Predicting fractures in an international cohort using risk factor algorithms without BMD
Predicting fractures in an international cohort using risk factor algorithms without BMD
Clinical risk factors are associated with increased probability of fracture in postmenopausal women. We sought to compare prediction models using self-reported clinical risk factors, excluding BMD, to predict incident fracture among postmenopausal women. The GLOW study enrolled women aged 55 years or older from 723 primary-care practices in 10 countries. The population comprised 19,586 women aged 60 years or older who were not receiving antiosteoporosis medication and were followed annually for 2 years. Self-administered questionnaires were used to collect data on characteristics, fracture risk factors, previous fractures, and health status.

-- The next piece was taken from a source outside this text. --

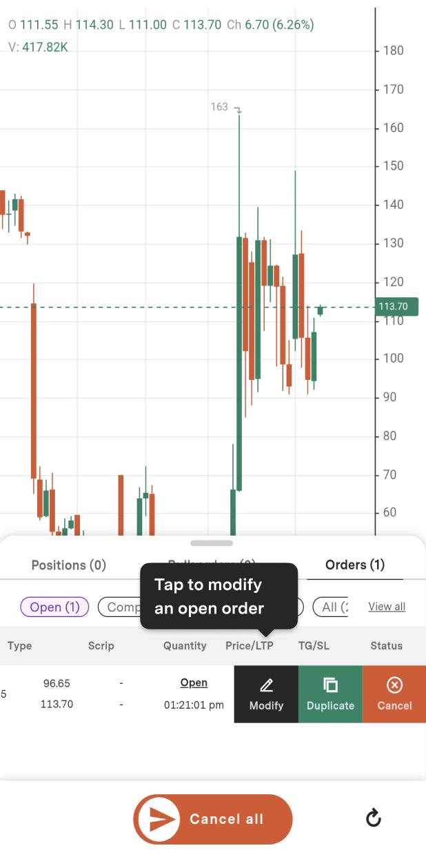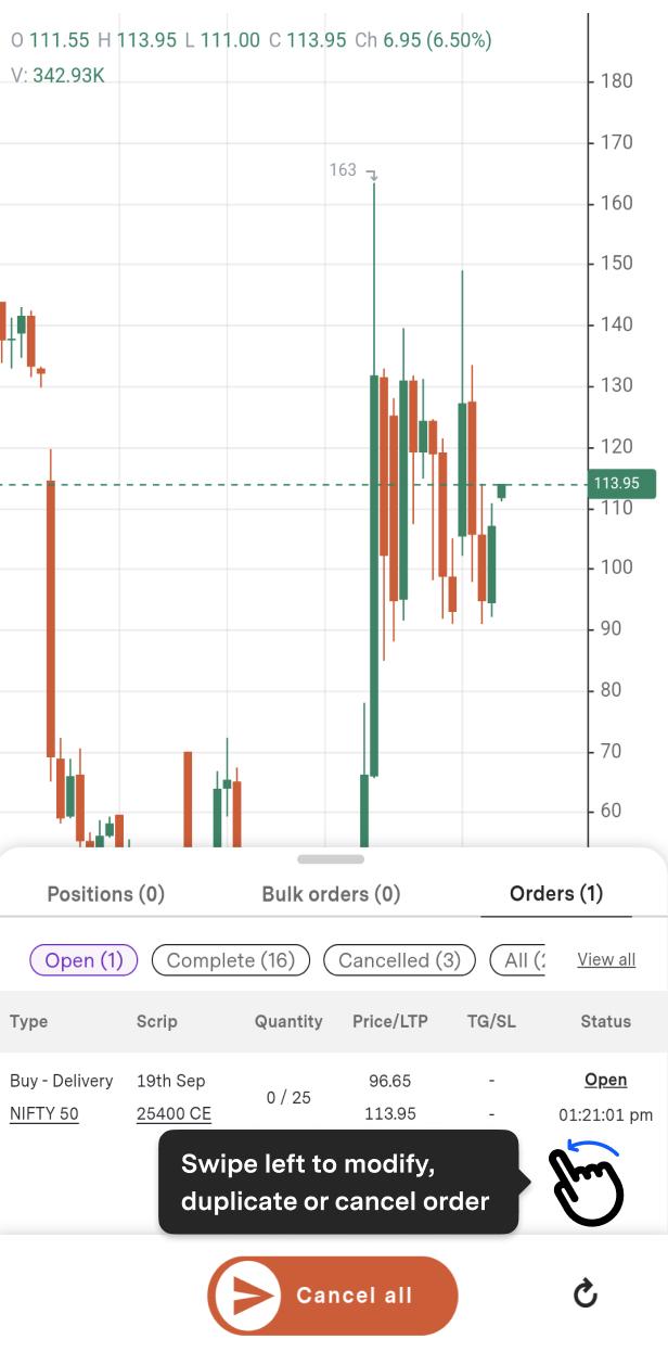 Step 1: Go to the Orders section at the bottom and swipe left on the pending order.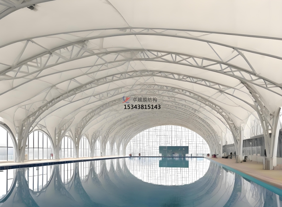 膜結(jié)構(gòu)遮陽(yáng)棚所采用的膜材料,具有自重輕、透光性好、隔熱性能強(qiáng)、耐腐蝕、防水、耐菌、耐高溫、抗紫外線、老化慢等優(yōu)點(diǎn)。這種材料不僅能夠提供有效的遮陽(yáng)效果,還能有效隔絕紫外線,保護(hù)游泳者的皮膚。同時(shí),膜材料具有良好的自潔能力,不易沾染灰塵,依靠雨水沖洗就能保持潔凈,大大降低了后期維護(hù)成本。

The main outcome measure compares the C index for models using the WHO Fracture Risk (FRAX), the Garvan Fracture Risk Calculator (FRC), and a simple model using age and prior fracture. Over 2 years, 880 women reported incident fractures including 69 hip fractures, 468 “major fractures” (as defined by FRAX), and 583 “osteoporotic fractures” (as defined by FRC). Using baseline clinical risk factors, both FRAX and FRC showed a moderate ability to correctly order hip fracture times (C index for hip fracture 0.78 and 0.76, respectively). C indices for “major” and “osteoporotic” fractures showed lower values, at 0.61 and 0.64. Neither algorithm was better than the model based on age?+?fracture history alone (C index for hip fracture 0.78). In conclusion, estimation of fracture risk in an international primary-care population of postmenopausal women can be made using clinical risk factors alone without BMD. However, more sophisticated models incorporating multiple clinical risk factors including falls were not superior to more parsimonious models in predicting future fracture in this population.
fracture, risk factors, postmenopausal women, prediction, models
0884-0431
2770-2777
Sambrook, Philip N.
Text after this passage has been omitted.